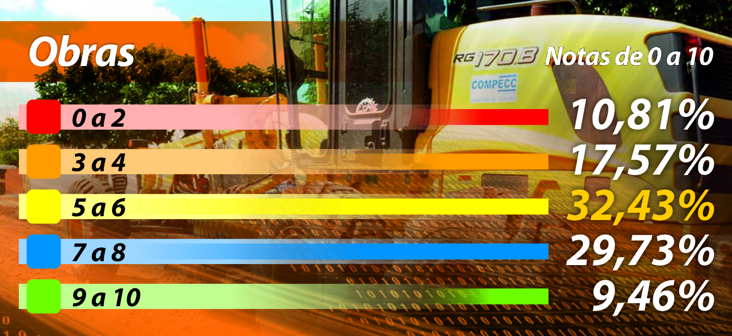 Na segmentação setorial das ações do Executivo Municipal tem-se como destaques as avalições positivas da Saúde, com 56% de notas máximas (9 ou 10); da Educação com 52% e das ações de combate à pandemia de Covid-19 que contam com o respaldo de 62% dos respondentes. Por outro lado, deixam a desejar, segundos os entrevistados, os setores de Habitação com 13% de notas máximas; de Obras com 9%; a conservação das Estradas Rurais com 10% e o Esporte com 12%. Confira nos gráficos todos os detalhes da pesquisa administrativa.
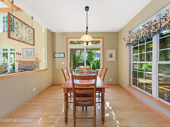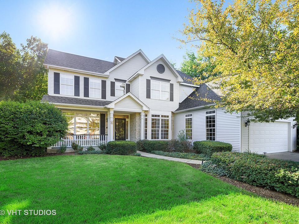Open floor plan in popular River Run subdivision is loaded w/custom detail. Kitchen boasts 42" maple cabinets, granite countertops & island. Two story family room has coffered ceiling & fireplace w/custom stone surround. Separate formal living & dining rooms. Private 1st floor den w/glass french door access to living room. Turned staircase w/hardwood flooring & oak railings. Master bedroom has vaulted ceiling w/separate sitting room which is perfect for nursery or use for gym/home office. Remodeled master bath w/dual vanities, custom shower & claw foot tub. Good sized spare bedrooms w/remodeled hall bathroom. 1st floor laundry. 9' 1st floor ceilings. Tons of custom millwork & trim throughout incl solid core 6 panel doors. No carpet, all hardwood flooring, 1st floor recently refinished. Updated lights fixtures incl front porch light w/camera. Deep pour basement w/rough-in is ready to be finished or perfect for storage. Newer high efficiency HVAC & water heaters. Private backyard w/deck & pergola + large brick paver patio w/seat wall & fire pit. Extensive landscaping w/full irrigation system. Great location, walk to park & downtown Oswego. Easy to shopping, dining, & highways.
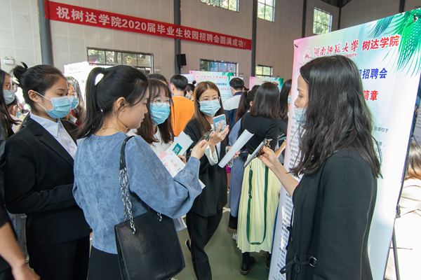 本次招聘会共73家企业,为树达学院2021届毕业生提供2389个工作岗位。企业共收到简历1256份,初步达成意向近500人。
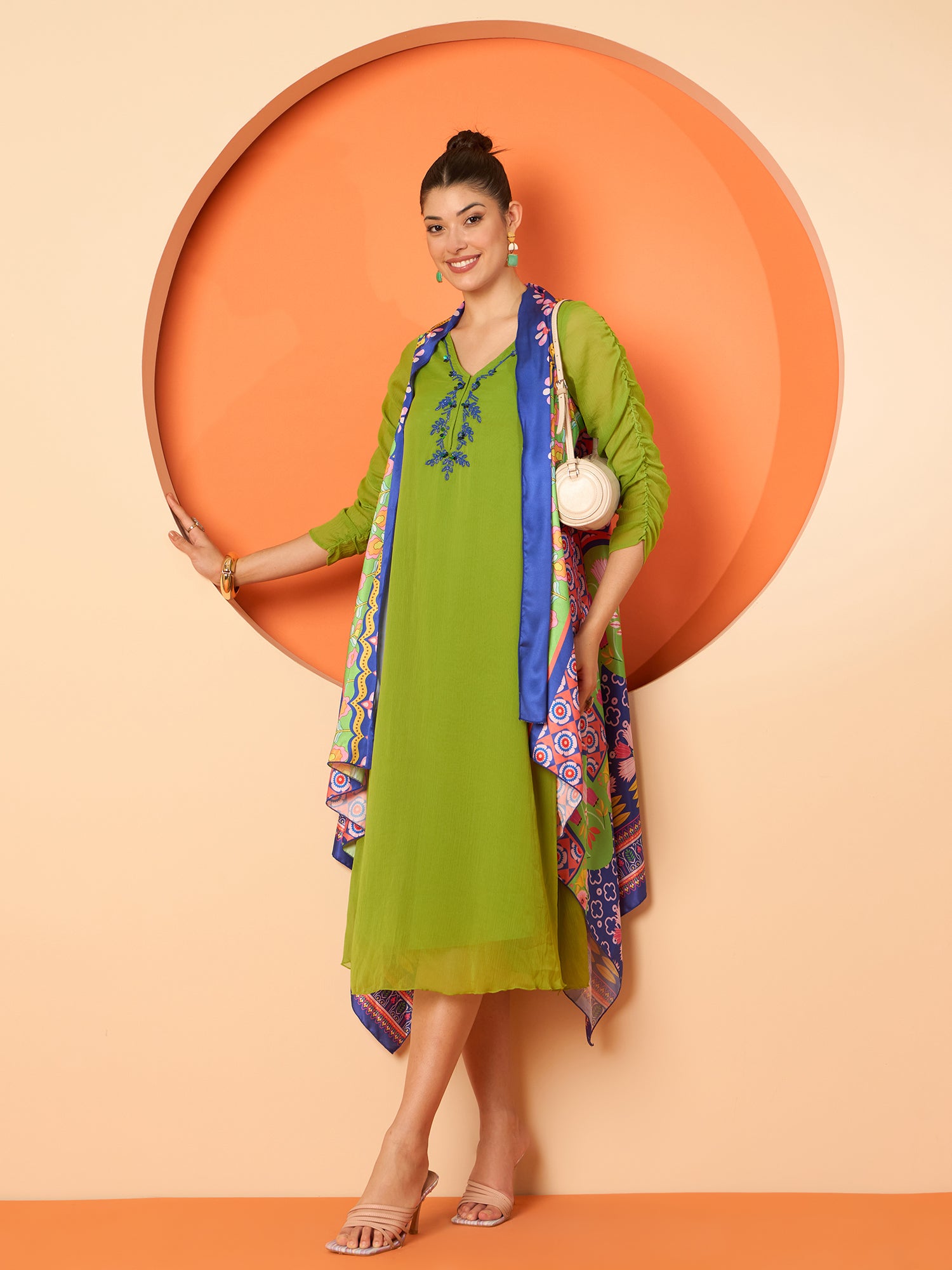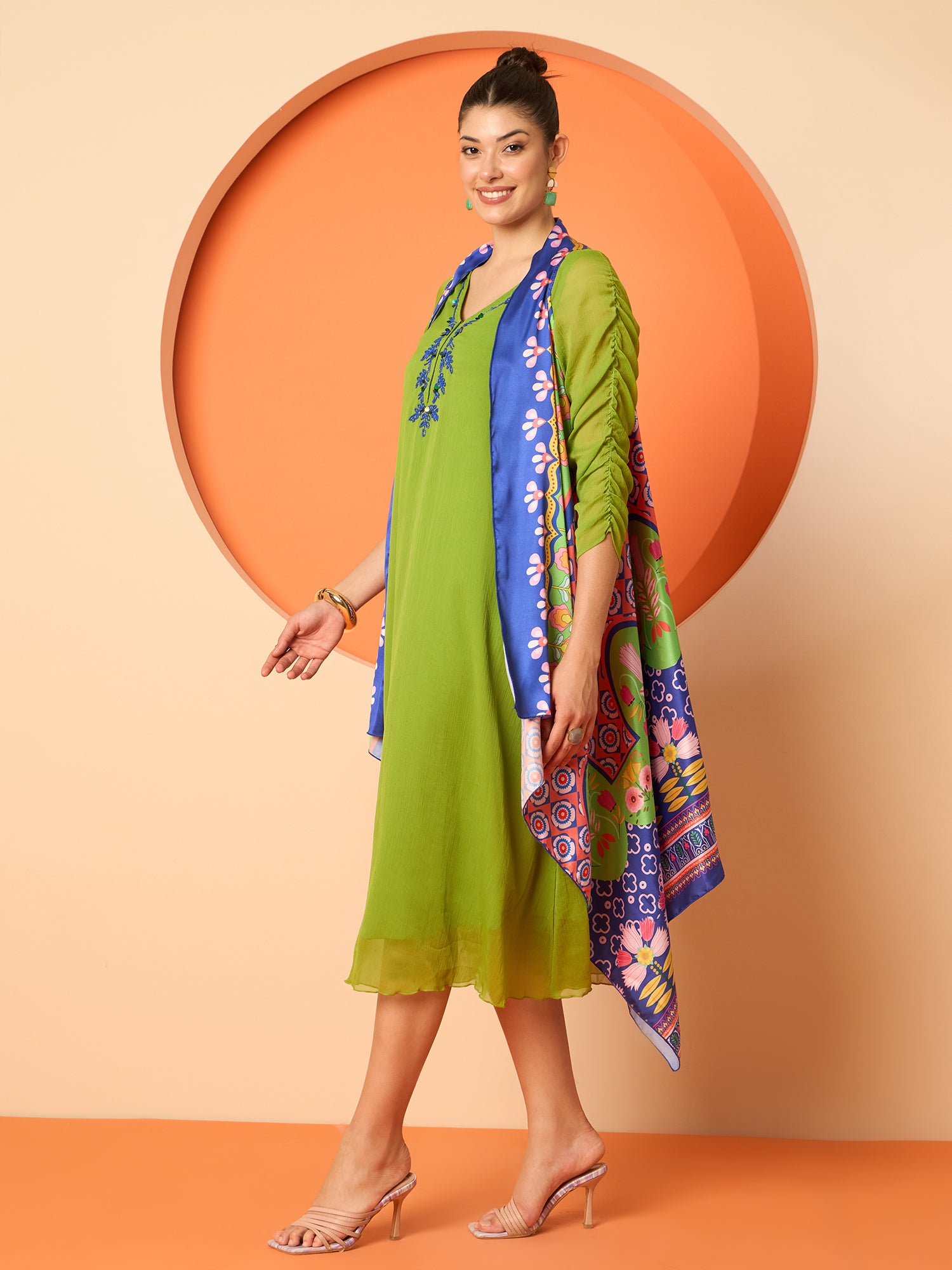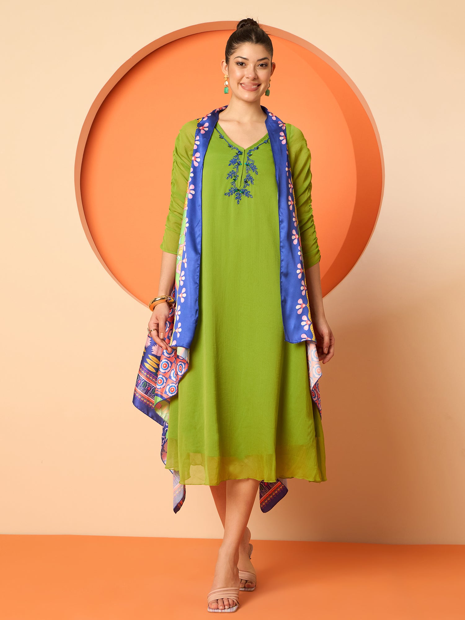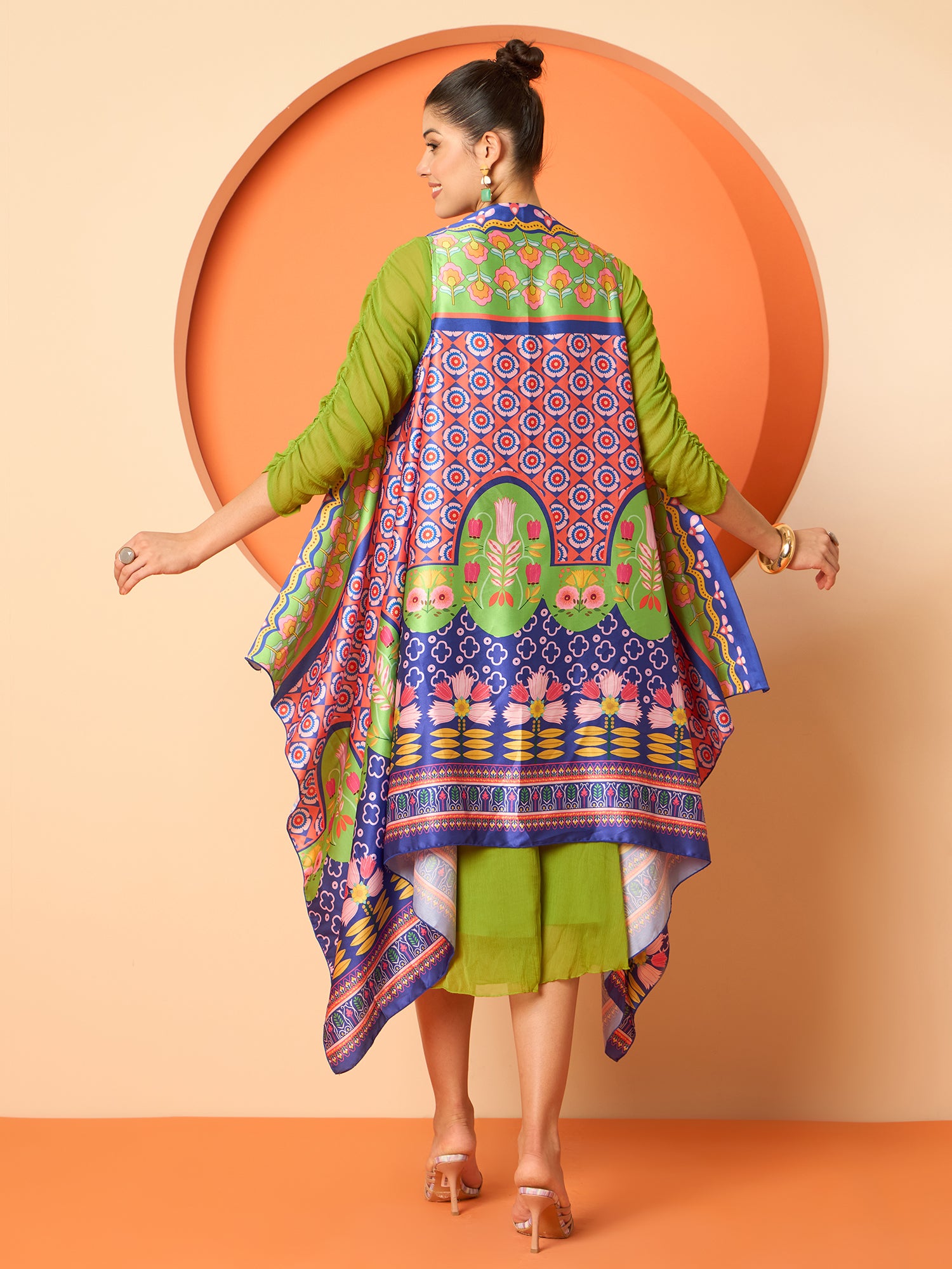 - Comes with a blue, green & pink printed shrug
::::::::::
▸ What needs to be done
Return only the lines from the one that contains "Open floor plan" through the closing line of the data, inclusive, reproduced exactly and with every picture left out.

▸ Reply
Open floor plan in popular River Run subdivision is loaded w/custom detail. Kitchen boasts 42" maple cabinets, granite countertops & island. Two story family room has coffered ceiling & fireplace w/custom stone surround. Separate formal living & dining rooms. Private 1st floor den w/glass french door access to living room. Turned staircase w/hardwood flooring & oak railings. Master bedroom has vaulted ceiling w/separate sitting room which is perfect for nursery or use for gym/home office. Remodeled master bath w/dual vanities, custom shower & claw foot tub. Good sized spare bedrooms w/remodeled hall bathroom. 1st floor laundry. 9' 1st floor ceilings. Tons of custom millwork & trim throughout incl solid core 6 panel doors. No carpet, all hardwood flooring, 1st floor recently refinished. Updated lights fixtures incl front porch light w/camera. Deep pour basement w/rough-in is ready to be finished or perfect for storage. Newer high efficiency HVAC & water heaters. Private backyard w/deck & pergola + large brick paver patio w/seat wall & fire pit. Extensive landscaping w/full irrigation system. Great location, walk to park & downtown Oswego. Easy to shopping, dining, & highways.
 本次招聘会共73家企业,为树达学院2021届毕业生提供2389个工作岗位。企业共收到简历1256份,初步达成意向近500人。
 - Comes with a blue, green & pink printed shrug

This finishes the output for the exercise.